EXERCISE DESCRIPTION ▸
Locate the line that contains "1月営業日のお知らせ Posted 2026年1月6日" in the entries below, then repeat it and every following line through the line that contains "перемещает специальный золотник", exactly, and no others.

LISTED RECORDS ▸

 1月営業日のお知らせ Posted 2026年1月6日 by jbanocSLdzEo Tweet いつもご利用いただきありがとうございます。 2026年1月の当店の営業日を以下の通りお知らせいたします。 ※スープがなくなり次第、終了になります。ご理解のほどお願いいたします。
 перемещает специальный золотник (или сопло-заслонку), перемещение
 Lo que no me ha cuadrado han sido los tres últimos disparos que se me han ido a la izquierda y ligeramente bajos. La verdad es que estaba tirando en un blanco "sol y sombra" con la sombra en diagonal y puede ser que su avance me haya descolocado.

...

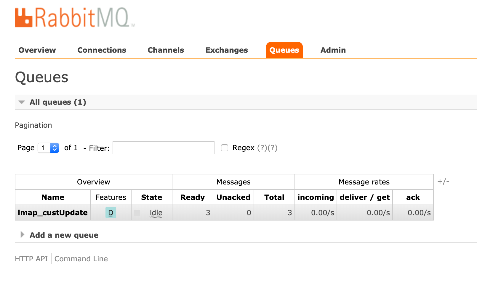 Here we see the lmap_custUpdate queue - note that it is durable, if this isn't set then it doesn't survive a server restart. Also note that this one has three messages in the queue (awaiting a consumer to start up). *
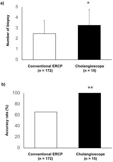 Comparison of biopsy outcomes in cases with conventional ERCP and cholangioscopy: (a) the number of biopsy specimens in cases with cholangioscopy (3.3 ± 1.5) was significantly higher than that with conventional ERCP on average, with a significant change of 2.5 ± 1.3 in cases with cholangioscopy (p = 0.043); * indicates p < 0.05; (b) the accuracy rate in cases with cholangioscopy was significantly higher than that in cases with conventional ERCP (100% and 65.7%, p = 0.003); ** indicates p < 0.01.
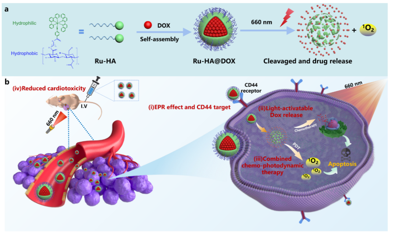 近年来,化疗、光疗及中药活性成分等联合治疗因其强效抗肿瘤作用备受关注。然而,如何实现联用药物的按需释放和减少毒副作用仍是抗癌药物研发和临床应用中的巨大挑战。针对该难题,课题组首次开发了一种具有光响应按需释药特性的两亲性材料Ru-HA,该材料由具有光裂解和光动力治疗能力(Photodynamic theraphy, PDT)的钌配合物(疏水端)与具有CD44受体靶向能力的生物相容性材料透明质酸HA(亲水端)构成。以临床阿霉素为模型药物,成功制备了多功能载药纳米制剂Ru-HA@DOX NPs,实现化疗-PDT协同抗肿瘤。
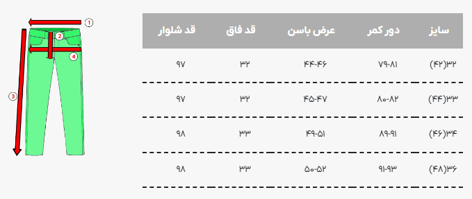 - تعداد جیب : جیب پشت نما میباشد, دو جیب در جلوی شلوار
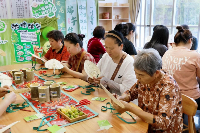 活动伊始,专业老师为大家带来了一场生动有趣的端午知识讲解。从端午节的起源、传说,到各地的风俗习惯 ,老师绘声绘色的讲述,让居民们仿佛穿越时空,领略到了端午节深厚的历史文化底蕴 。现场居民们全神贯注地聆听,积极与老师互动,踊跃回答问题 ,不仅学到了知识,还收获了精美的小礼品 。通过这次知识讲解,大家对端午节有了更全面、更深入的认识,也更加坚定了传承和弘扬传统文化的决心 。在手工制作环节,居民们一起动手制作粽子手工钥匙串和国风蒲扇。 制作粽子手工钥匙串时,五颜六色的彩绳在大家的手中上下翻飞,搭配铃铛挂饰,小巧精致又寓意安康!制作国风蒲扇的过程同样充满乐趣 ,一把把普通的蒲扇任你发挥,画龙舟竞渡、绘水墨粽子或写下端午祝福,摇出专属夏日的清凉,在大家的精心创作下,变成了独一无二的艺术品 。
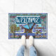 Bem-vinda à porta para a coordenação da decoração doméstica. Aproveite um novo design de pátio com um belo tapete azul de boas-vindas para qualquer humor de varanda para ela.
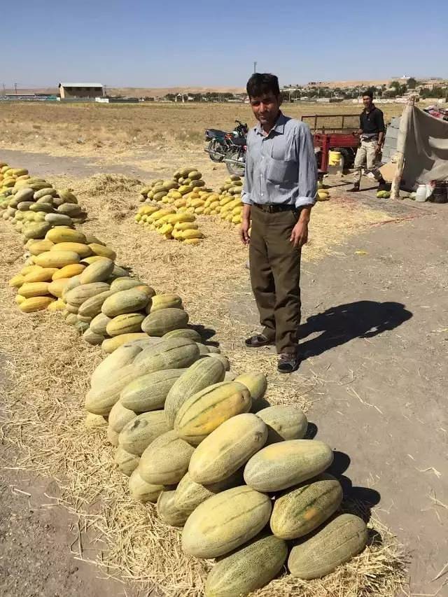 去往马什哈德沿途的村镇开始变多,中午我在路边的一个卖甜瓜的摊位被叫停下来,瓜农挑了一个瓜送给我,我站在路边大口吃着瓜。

RESPONSE AREA ▸
 1月営業日のお知らせ Posted 2026年1月6日 by jbanocSLdzEo Tweet いつもご利用いただきありがとうございます。 2026年1月の当店の営業日を以下の通りお知らせいたします。 ※スープがなくなり次第、終了になります。ご理解のほどお願いいたします。
 перемещает специальный золотник (или сопло-заслонку), перемещение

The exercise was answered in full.